Final answer:
The shot would not go through the 18-inch hoop if it was aimed towards the center of the basket. The height of the hoop creates an obstacle for the ball, requiring a minimum initial vertical velocity component to clear it. The shot would either hit the front or back of the hoop, or fall short of the hoop.
Step-by-step explanation:
The shot would not go through the 18-inch hoop if it was aimed towards the center of the basket. In order to understand why, we need to consider projectile motion and the height of the hoop. When a basketball is thrown, it follows a curved path due to the force of gravity. This curved path is called a parabola and can be described using projectile motion equations.
When the shot is aimed towards the center of the basket, it means the ball will go directly towards the hoop without any horizontal deviation. However, the 10-foot height of the hoop creates an obstacle for the ball.

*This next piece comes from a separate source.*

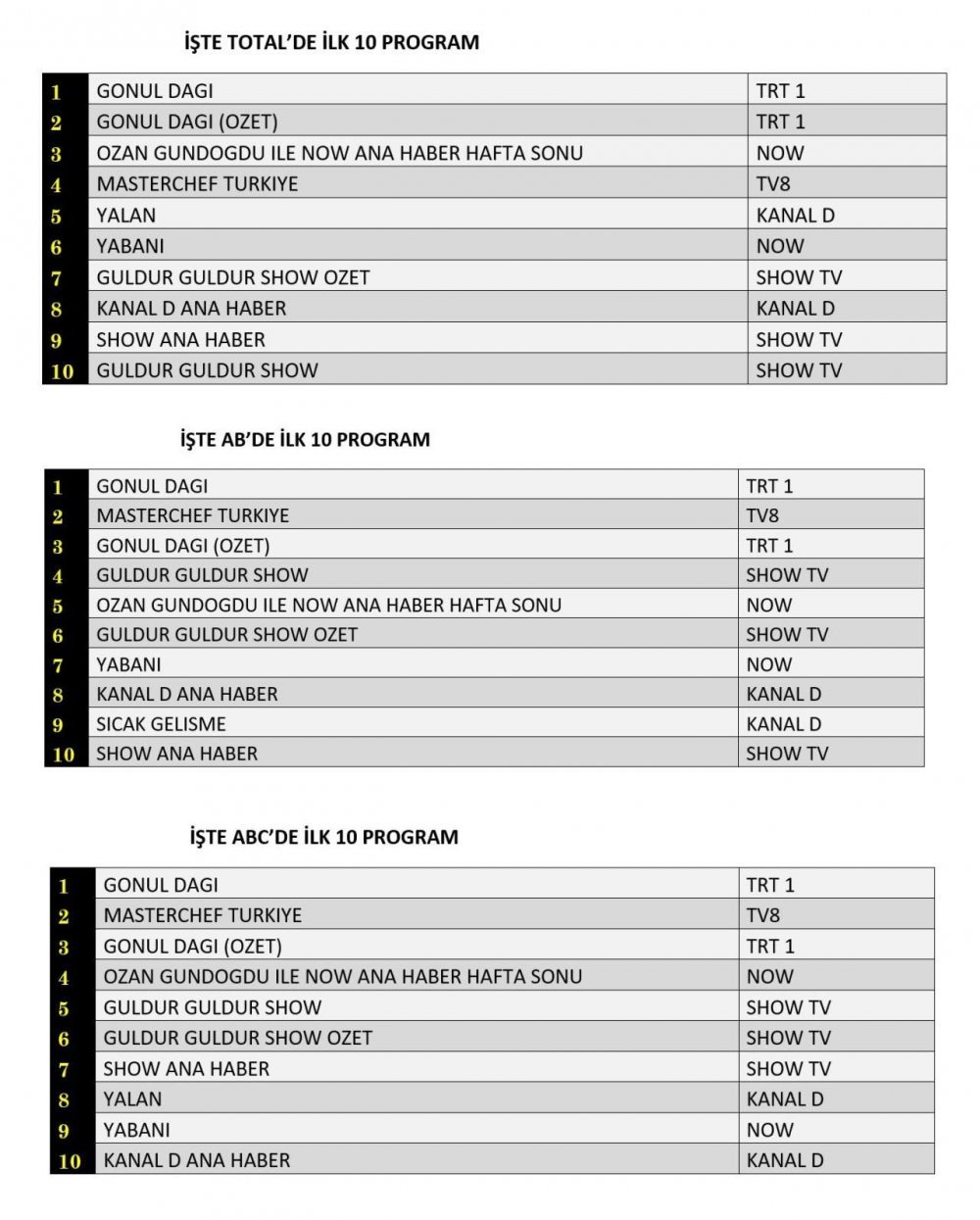 ABC'de ise 1.sırada “Gönül Dağı”, 2.sırada “Masterchef Türkiye”, 3.sırada “Gönül Dağı” dizisinin özeti yer aldı.

To clear the hoop, the ball needs to be thrown with an initial vertical velocity component that compensates for the height of the hoop.
Using the known values of the height of the hoop (10 feet or 3.05 meters) and the acceleration due to gravity (9.8 m/s^2), we can calculate the minimum initial vertical velocity component needed to clear the hoop. By setting up the projectile motion equations and solving for the initial velocity in the y-direction, we can find that the ball needs to be thrown with an initial vertical velocity of approximately 7.92 m/s.
Since the initial vertical velocity component needed to clear the hoop is greater than the initial speed of the shot (8.15 m/s), the shot would not go through the hoop. The ball would either hit the front or back of the hoop, or fall short of the hoop.